We report the first demonstration of simultaneous multi-impairment monitoring at ultrahigh bitrates using a THz bandwidth photonic-chip-based radio-frequency (RF) spectrum analyzer. Our approach employs a 7 cm long, highly nonlinear (γ ≈9900 /W/km), dispersion engineered chalcogenide planar waveguide to capture the RF spectrum of an ultrafast 640 Gb/s signal, based on cross-phase modulation, from which we numerically retrieve the autocorrelation waveform. The relationship between the retrieved autocorrelation trace and signal impairments is exploited to simultaneously monitor dispersion, in-band optical signal to noise ratio (OSNR) and timing jitter from a single measurement. This novel approach also offers very high OSNR measurement dynamic range (> 30 dB) and is scalable to terabit data rates.

©2010 Optical Society of America

1. Introduction

Optical performance monitoring (OPM) is essential for next generation reconfigurable optical communication systems. Typical roles for OPM include enabling both quality of service and fault management in highly transparent networks [1,2]. For example OPM is used to monitor transmitted signals and quantify their degradation. These monitoring features are then exploited for impairment mitigation, or to trigger alarms for traffic re-routing. Ultimately an OPM scheme that can provide high sensitivity to impairments and multi-impairment monitoring capability at all operating bitrates is highly desirable.

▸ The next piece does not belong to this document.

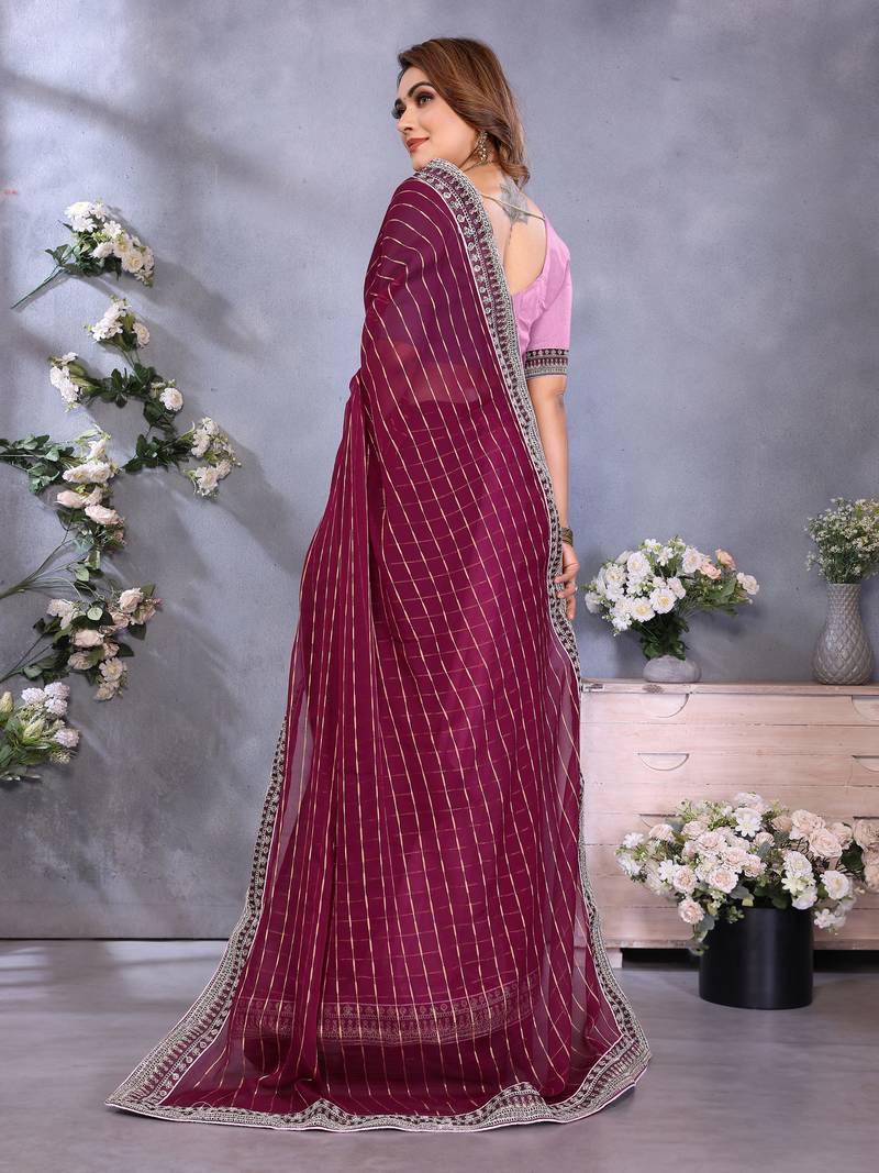 Georgette embroidered & sequin work bollywood fancy saree (shreeja-wine)

Current OPM methods based on conventional opto-electronic devices, such as coherent detection [3,4], asynchronous delay tap sampling [5], in-band tone monitoring [6], orthogonal delayed-homodyne [7] and single in-band subcarrier tone methods [8] are mature and relatively effective for the measurement of signal impairments. These techniques, however, rely on fast opto-electronic devices to perform optical-to-electrical conversion as part of the monitoring process. Therefore, when data rates exceed 40 Gb/s per channel these electronic OPM schemes become impractical due to the limitation imposed by the electronic bandwidth.

All-optical performance monitoring based on nonlinear optics, which does not require high-speed electronic devices, is an alternative and attractive solution for high bitrates of 40 Gb/s and beyond which provides ultrahigh resolution due to the femtosecond response time of Kerr nonlinear effect [9]. Various all-optical architectures have been demonstrated to measure impairments of a signal under test (SUT), namely radio-frequency (RF) spectrum monitoring based on cross-phase modulation (XPM) [10,11], cascaded four-wave mixing [12], semiconductor optical amplifier based optical regeneration [13], a nonlinear optical loop mirror [14] and data stream intensity autocorrelation [15]. However these techniques have limited dynamic range or do not perform simultaneous multi-impairment monitoring, which is critical in optical networks.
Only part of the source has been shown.